Task instructions:
Omit all pictures and transcribe only the lines in the entries below that run from the line with "덩지에 남성복 2026" through the line with "Přestože se pořadatelé".

[Dataset items]
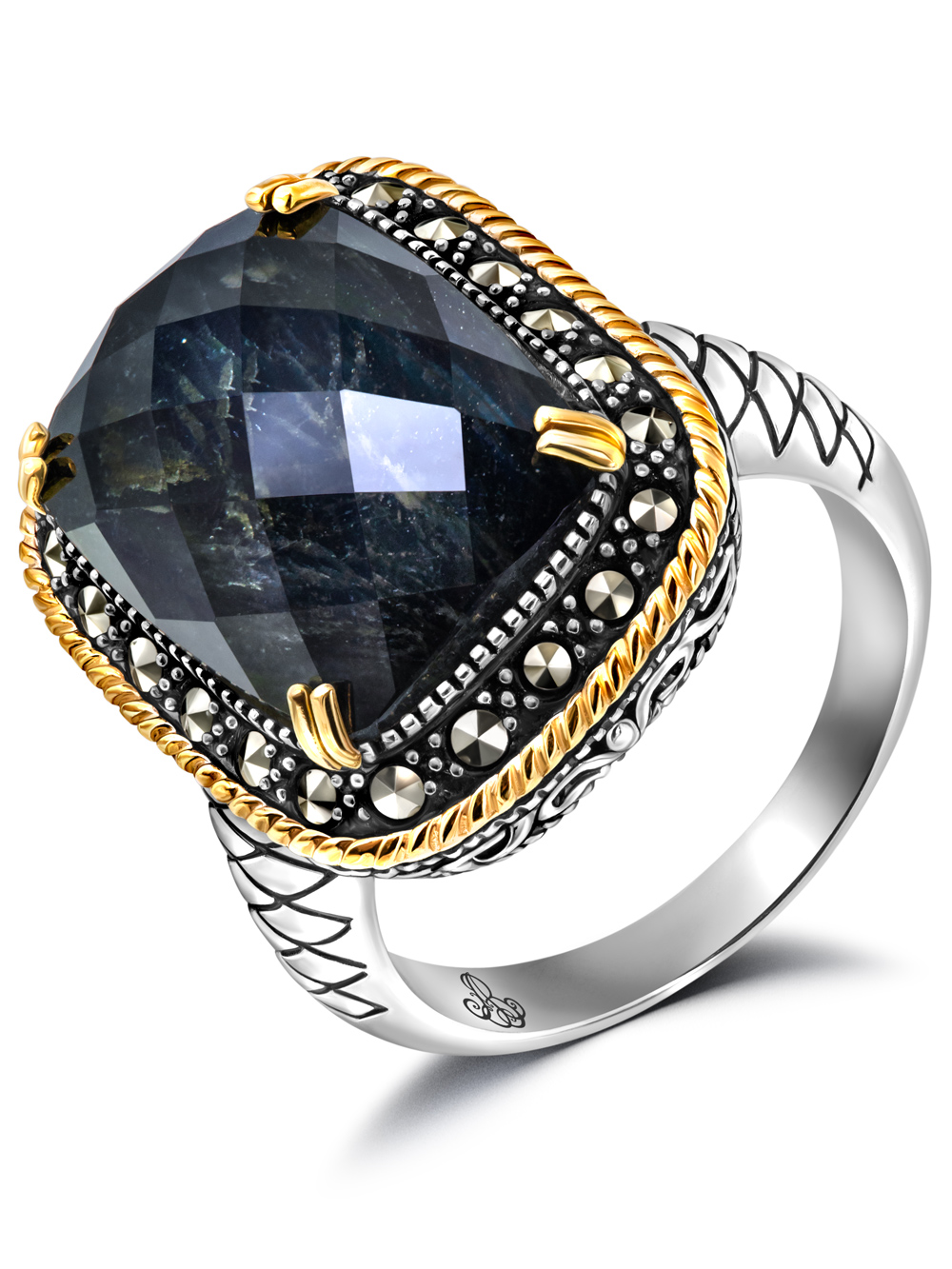 Кольцо серебро 925 пробы Тайна Шарлотты. Перстень инкрустирован 22-мя искрящимися марказитами Swarovski и позолотой. Оттенок лабрадорита может немного отличаться в комплекте, так как это натуральный уникальный камень. Центральный камень - натуральный, насыщенный лабрадорит (Канада) сверху закрытый прозрачным искрящимся горным хрусталем (Бразилия) для придания глубины и объема.
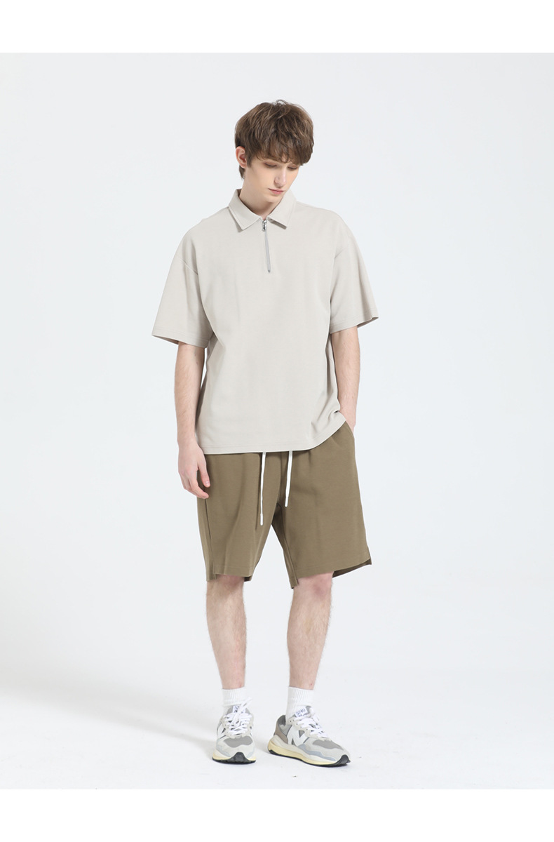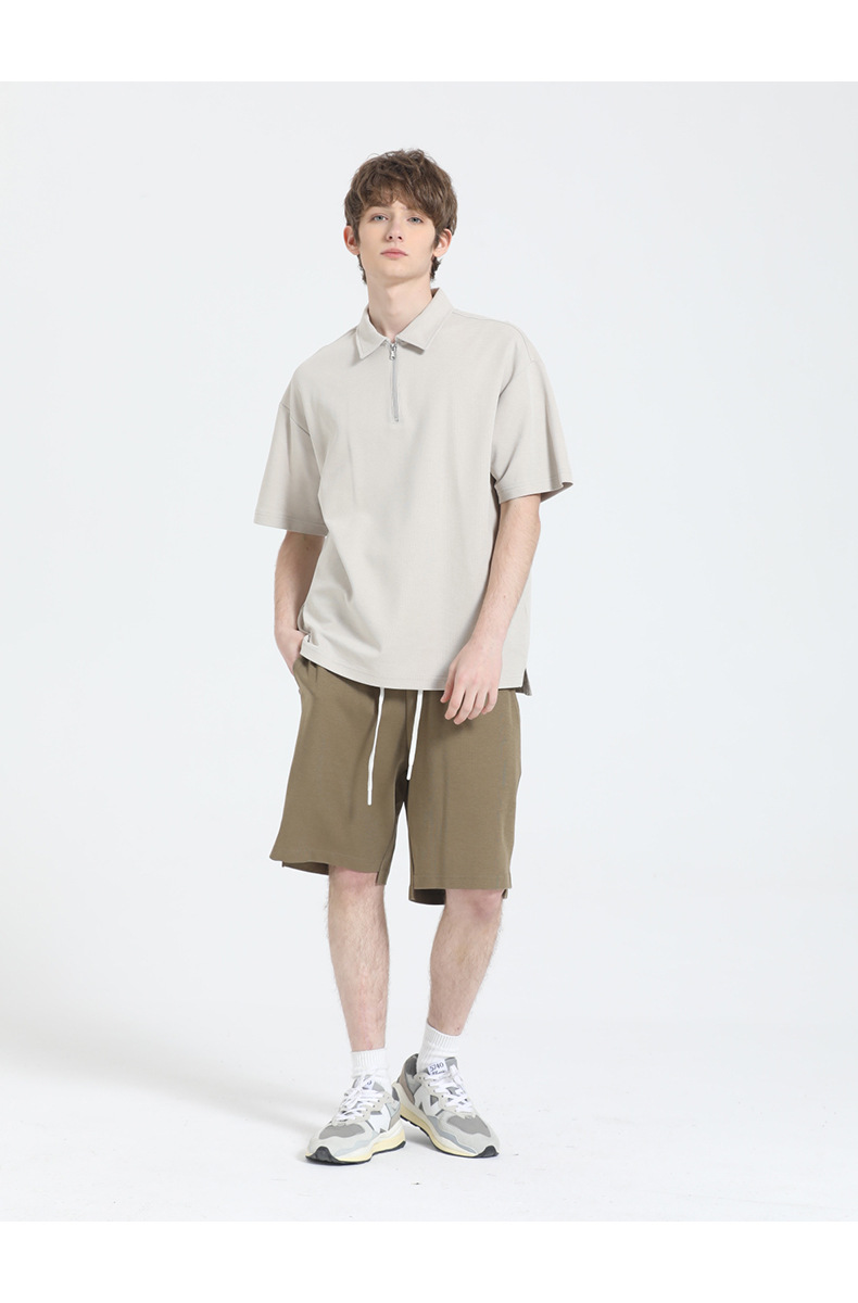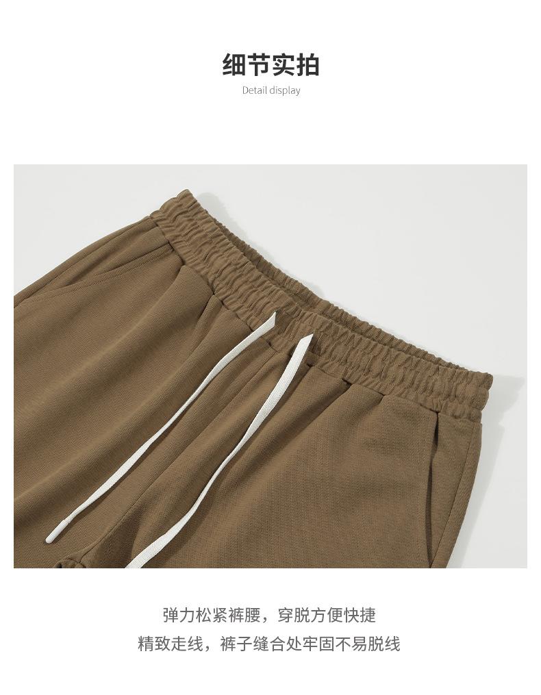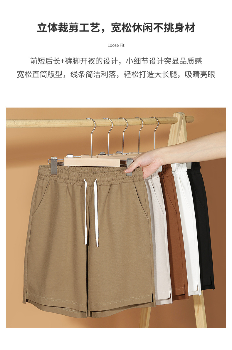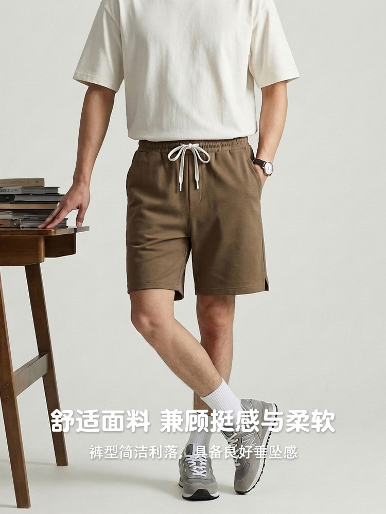 덩지에 남성복 2026 반바지, 신축성 있는 허리, 질감 있는 단색, 루즈핏, 스플릿 디자인, 스포츠 5부 바지, 아메리칸 레트로 스타일
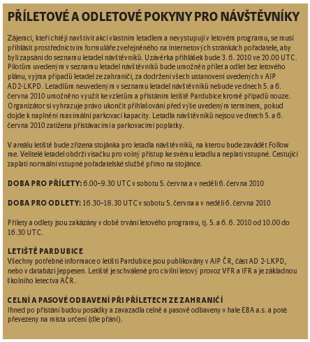 Přestože se pořadatelé snaží zajistit všechny potřebné letouny, je samozřejmé, že právě u historických letadel zůstává do poslední chvíle jistá míra nejistoty nad jejich účastí. Je to samozřejmě dané jednak jejich provozuschopností, jednak i počasím panujícím v době plánovaných příletů. Jistá je účast originálu a repliky letounu Blériot, se kterým Jan Kašpar před sto lety odstartoval počátky aviatiky v Čechách. Domluvený je už také jediný exemplář letounu Curtiss Hawk 75, jedné z nejlepších stíhaček v bitvě o Francii. „V historii československého odboje má zvlášť výsadní postavení, protože na něm naše stíhací esa Peřina a Vašátko dobyli největší počet ze svých vzdušných vítězství nad piloty německé Luftwaffe,“ vysvětluje pořadatel. Měli bychom vidět i další historické perly, jako například Hawker Hurricane, Supermarine Spitfire, North American T6 Texan, Boeing Stearman, De Havilland DH 82 Tiger Moth, Junker JU-52 či Focke Wulf FW 190A.
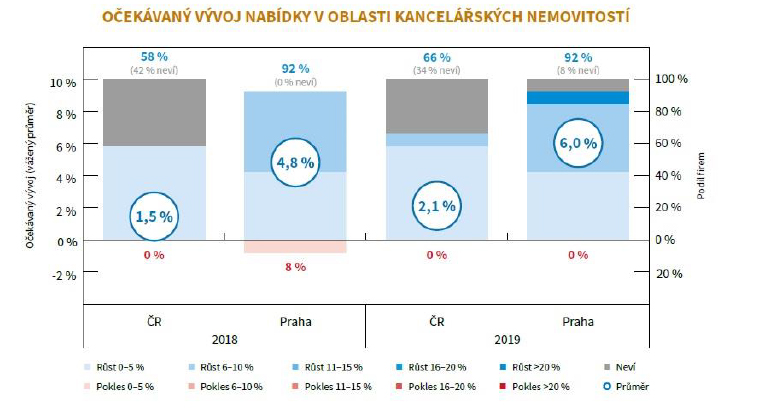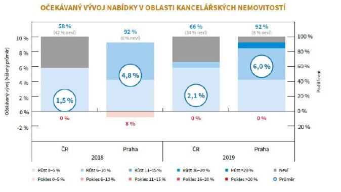 V oblasti kancelářského developmentu nabídne Praha v roce 2018 v průměru o 4,8 procenta více nových nemovitostí než v roce minulém. V ostatních regionech České republiky je očekávané tempo růstu nabídky oproti hlavnímu městu v tomto segmentu třetinové (1,5 procenta). V dlouhodobém horizontu developeři predikují další navýšení nabídky, kdy zatímco v regionech dosáhne její růst 2,1 procenta, v hlavním městě se zvýší na úroveň 6,0 procenta. Jejím motorem je především zájem firem a příznivé podmínky pro realizaci projektového financování.
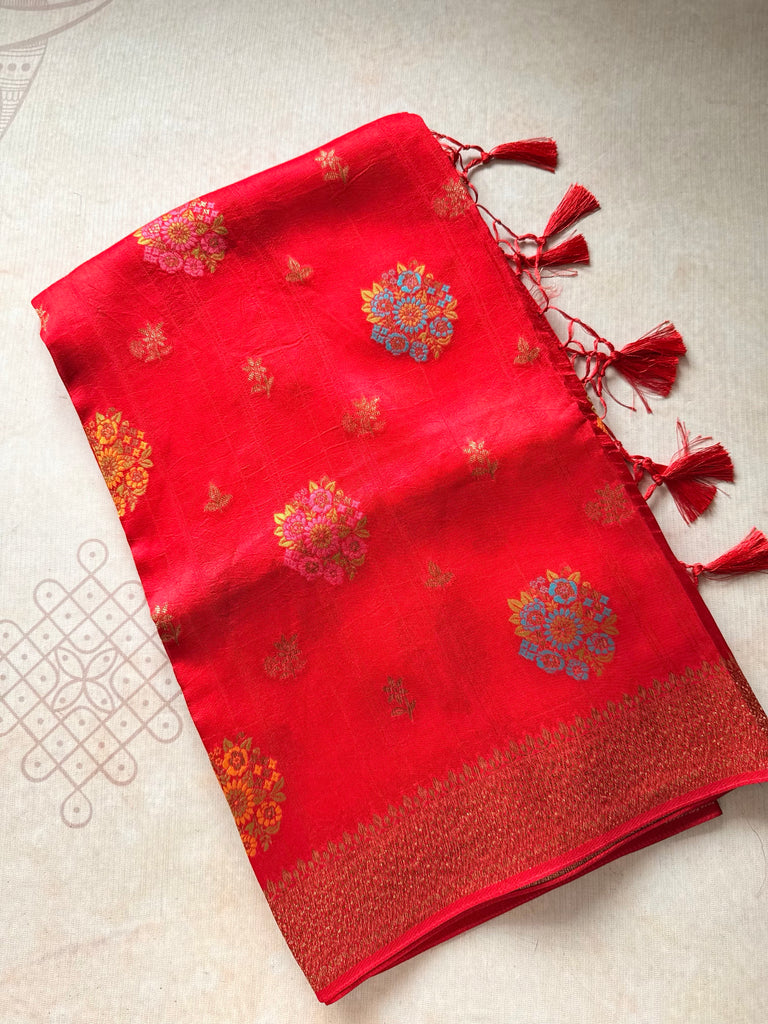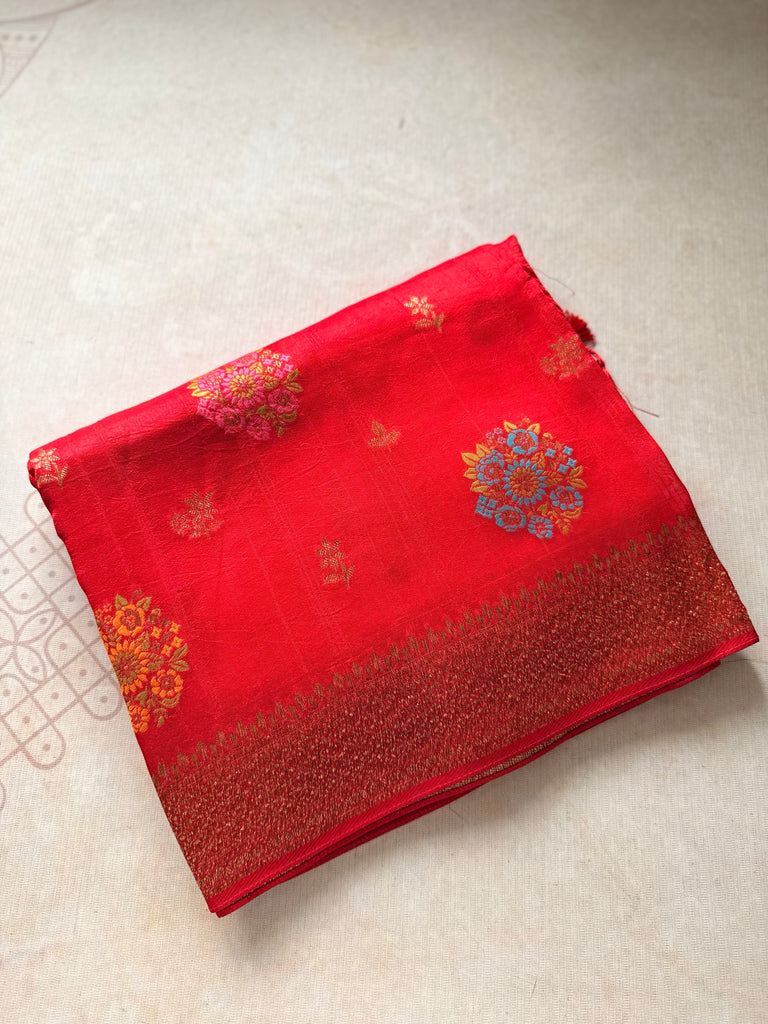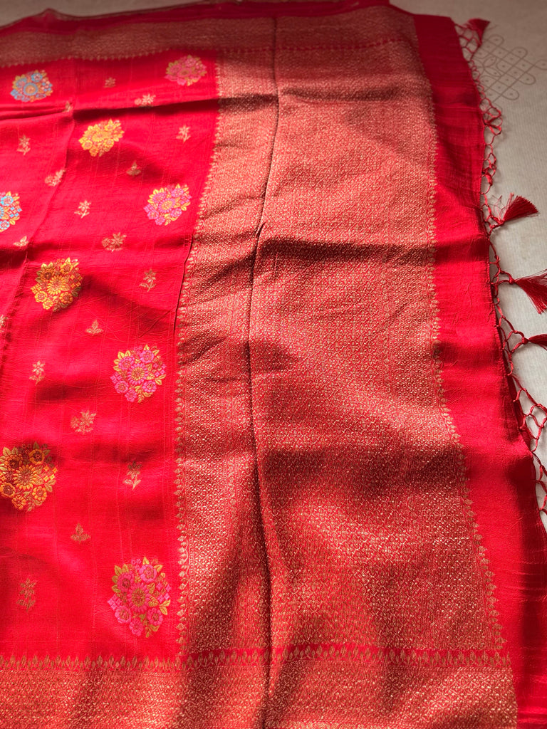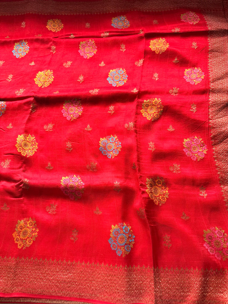 Woven in a soothing Red tone, the saree features delicate floral buttas scattered across the body, each intricately crafted with meenakari accents in multi coloured tones. These multi-tone motifs add a lovely play of color without overpowering the elegant base.

Solution for this exercise:
 덩지에 남성복 2026 반바지, 신축성 있는 허리, 질감 있는 단색, 루즈핏, 스플릿 디자인, 스포츠 5부 바지, 아메리칸 레트로 스타일
 Přestože se pořadatelé snaží zajistit všechny potřebné letouny, je samozřejmé, že právě u historických letadel zůstává do poslední chvíle jistá míra nejistoty nad jejich účastí. Je to samozřejmě dané jednak jejich provozuschopností, jednak i počasím panujícím v době plánovaných příletů. Jistá je účast originálu a repliky letounu Blériot, se kterým Jan Kašpar před sto lety odstartoval počátky aviatiky v Čechách. Domluvený je už také jediný exemplář letounu Curtiss Hawk 75, jedné z nejlepších stíhaček v bitvě o Francii. „V historii československého odboje má zvlášť výsadní postavení, protože na něm naše stíhací esa Peřina a Vašátko dobyli největší počet ze svých vzdušných vítězství nad piloty německé Luftwaffe,“ vysvětluje pořadatel. Měli bychom vidět i další historické perly, jako například Hawker Hurricane, Supermarine Spitfire, North American T6 Texan, Boeing Stearman, De Havilland DH 82 Tiger Moth, Junker JU-52 či Focke Wulf FW 190A.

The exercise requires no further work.